● DATA TO USE
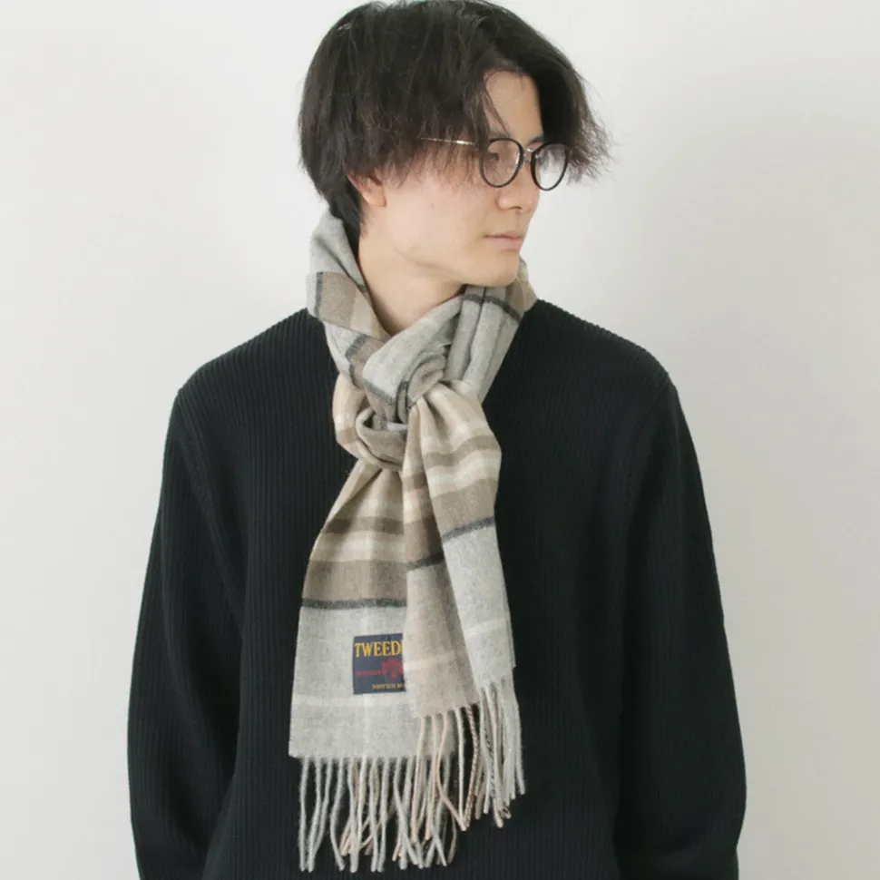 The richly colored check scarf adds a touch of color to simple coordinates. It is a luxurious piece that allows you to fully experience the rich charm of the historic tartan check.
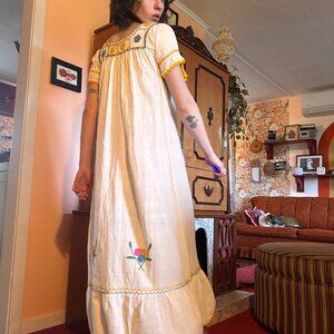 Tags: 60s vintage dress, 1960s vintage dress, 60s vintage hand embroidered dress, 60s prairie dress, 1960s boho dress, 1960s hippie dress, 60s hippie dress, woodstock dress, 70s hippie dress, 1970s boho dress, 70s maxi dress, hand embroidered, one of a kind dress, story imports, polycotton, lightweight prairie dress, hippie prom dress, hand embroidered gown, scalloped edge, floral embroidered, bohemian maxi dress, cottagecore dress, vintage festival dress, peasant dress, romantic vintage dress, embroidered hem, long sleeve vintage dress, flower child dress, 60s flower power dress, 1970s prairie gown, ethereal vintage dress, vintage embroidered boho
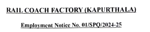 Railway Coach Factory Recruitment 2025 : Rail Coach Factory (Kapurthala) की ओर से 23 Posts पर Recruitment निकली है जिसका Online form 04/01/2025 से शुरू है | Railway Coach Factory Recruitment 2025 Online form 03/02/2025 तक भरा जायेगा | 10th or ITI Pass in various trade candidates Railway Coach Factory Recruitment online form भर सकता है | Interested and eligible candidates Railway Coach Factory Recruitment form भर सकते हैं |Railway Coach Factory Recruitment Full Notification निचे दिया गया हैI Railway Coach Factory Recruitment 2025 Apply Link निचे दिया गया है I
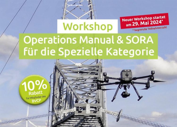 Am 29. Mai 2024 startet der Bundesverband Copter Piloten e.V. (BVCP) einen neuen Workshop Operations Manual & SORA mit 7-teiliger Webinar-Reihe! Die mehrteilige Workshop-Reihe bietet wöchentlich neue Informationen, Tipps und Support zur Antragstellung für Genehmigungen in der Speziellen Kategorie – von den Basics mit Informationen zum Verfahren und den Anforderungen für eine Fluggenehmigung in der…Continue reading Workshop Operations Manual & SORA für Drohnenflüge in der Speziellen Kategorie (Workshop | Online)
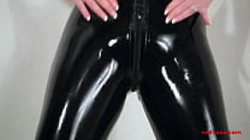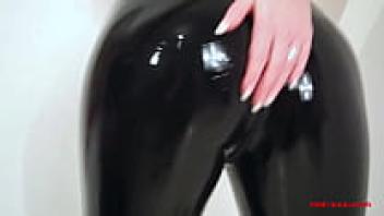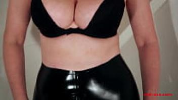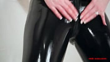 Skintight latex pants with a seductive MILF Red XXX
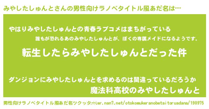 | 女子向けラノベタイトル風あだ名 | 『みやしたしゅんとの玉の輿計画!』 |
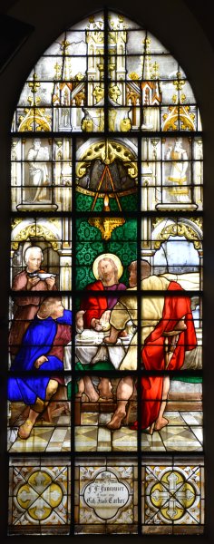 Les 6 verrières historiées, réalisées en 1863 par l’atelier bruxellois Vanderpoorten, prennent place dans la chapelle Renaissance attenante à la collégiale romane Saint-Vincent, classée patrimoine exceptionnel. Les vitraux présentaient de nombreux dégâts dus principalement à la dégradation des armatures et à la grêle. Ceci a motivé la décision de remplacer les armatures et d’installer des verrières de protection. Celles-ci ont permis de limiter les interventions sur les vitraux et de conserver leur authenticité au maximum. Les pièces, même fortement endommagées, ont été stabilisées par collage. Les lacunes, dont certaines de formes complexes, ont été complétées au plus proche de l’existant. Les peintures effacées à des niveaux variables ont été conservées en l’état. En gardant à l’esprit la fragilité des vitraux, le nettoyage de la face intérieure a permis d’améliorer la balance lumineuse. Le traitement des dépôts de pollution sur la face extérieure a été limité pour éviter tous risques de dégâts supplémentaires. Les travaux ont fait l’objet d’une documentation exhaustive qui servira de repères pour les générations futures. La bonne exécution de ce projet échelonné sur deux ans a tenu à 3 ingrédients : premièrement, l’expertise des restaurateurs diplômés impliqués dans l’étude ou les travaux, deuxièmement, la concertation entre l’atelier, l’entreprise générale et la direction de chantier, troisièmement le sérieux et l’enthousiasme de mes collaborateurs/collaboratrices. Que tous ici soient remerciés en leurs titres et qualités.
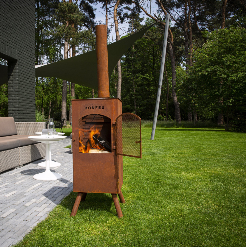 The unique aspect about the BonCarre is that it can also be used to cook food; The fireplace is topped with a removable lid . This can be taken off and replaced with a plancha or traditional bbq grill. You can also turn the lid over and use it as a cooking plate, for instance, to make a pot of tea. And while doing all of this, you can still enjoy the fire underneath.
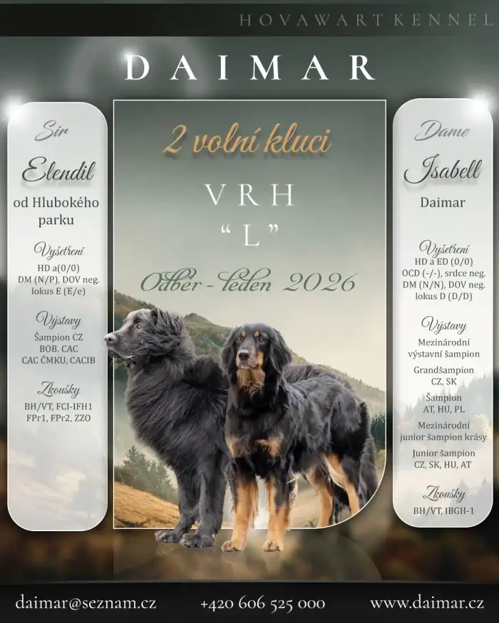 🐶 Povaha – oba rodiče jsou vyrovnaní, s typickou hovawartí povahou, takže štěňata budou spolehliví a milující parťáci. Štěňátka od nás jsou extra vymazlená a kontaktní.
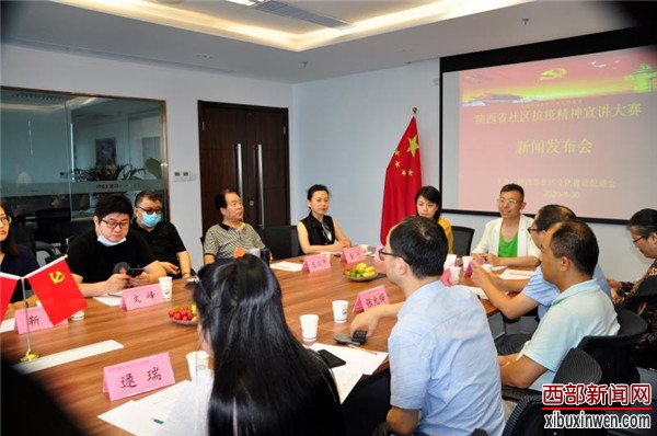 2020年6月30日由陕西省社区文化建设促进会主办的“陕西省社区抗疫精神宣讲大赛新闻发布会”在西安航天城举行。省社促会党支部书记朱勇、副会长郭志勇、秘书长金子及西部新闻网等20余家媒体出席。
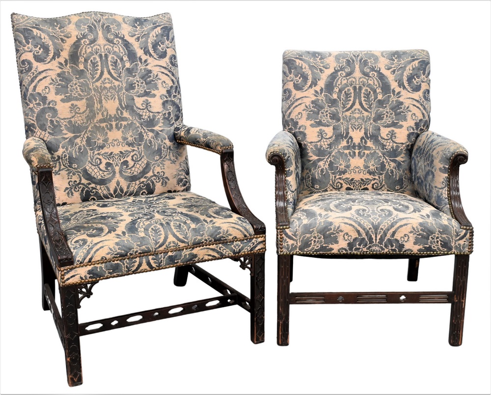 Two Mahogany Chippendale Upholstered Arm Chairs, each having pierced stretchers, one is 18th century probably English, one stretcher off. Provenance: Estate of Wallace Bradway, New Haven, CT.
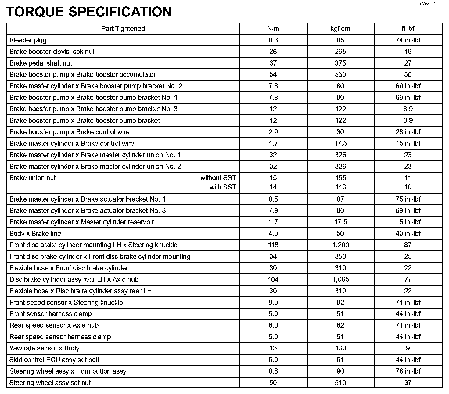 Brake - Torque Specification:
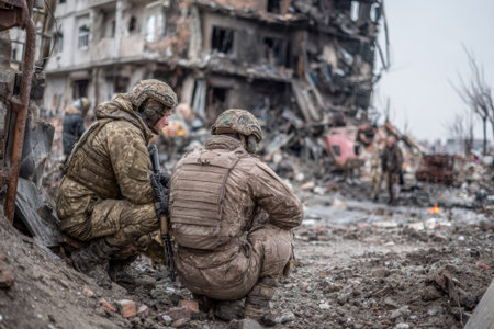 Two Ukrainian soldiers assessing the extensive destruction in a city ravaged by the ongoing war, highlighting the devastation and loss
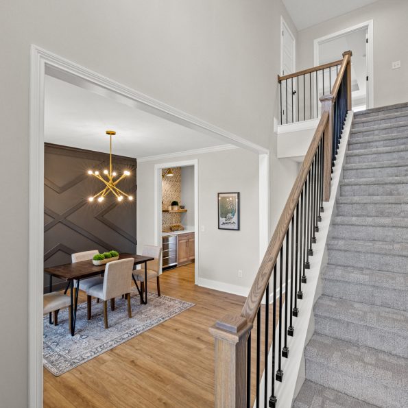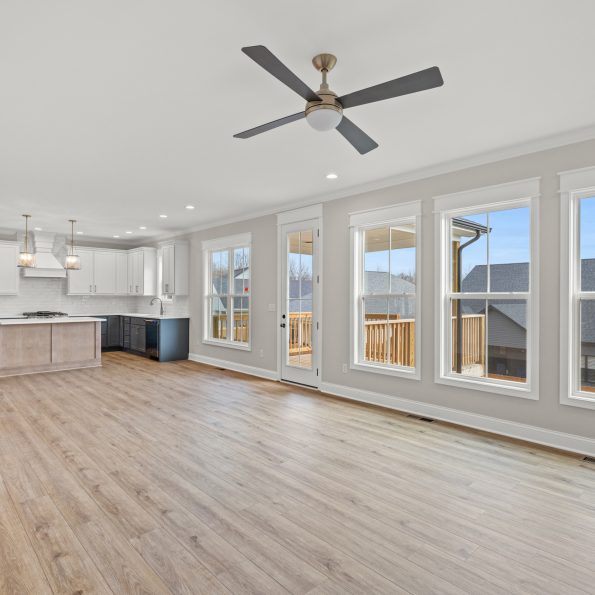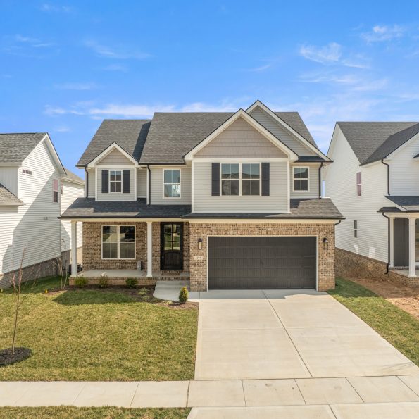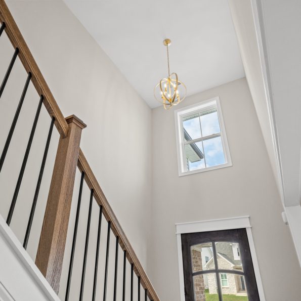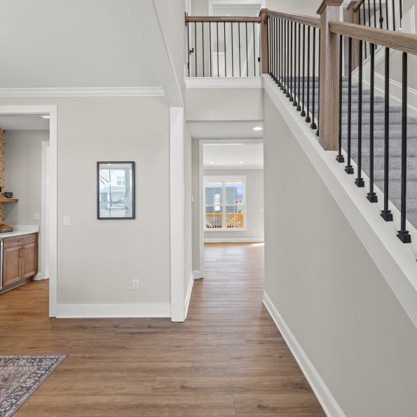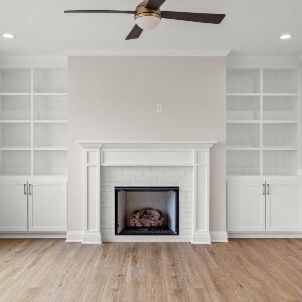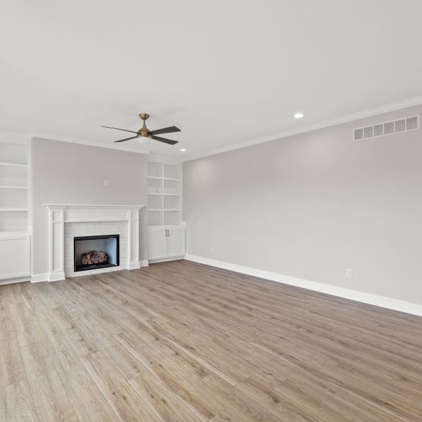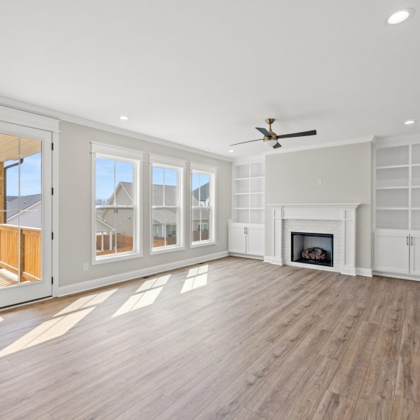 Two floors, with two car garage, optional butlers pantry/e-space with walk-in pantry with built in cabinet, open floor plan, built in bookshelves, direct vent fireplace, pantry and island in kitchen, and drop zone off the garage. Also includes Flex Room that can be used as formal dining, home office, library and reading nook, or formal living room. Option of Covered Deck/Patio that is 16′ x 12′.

● THE PROBLEM
Reproduce only the lines from the first line of the entries through the line containing "Railway Coach Factory Recruitment 2025 : Rail", exactly and with both ends kept. Omit the pictures.

● WRITTEN SOLUTION
 The richly colored check scarf adds a touch of color to simple coordinates. It is a luxurious piece that allows you to fully experience the rich charm of the historic tartan check.
 Tags: 60s vintage dress, 1960s vintage dress, 60s vintage hand embroidered dress, 60s prairie dress, 1960s boho dress, 1960s hippie dress, 60s hippie dress, woodstock dress, 70s hippie dress, 1970s boho dress, 70s maxi dress, hand embroidered, one of a kind dress, story imports, polycotton, lightweight prairie dress, hippie prom dress, hand embroidered gown, scalloped edge, floral embroidered, bohemian maxi dress, cottagecore dress, vintage festival dress, peasant dress, romantic vintage dress, embroidered hem, long sleeve vintage dress, flower child dress, 60s flower power dress, 1970s prairie gown, ethereal vintage dress, vintage embroidered boho
 Railway Coach Factory Recruitment 2025 : Rail Coach Factory (Kapurthala) की ओर से 23 Posts पर Recruitment निकली है जिसका Online form 04/01/2025 से शुरू है | Railway Coach Factory Recruitment 2025 Online form 03/02/2025 तक भरा जायेगा | 10th or ITI Pass in various trade candidates Railway Coach Factory Recruitment online form भर सकता है | Interested and eligible candidates Railway Coach Factory Recruitment form भर सकते हैं |Railway Coach Factory Recruitment Full Notification निचे दिया गया हैI Railway Coach Factory Recruitment 2025 Apply Link निचे दिया गया है I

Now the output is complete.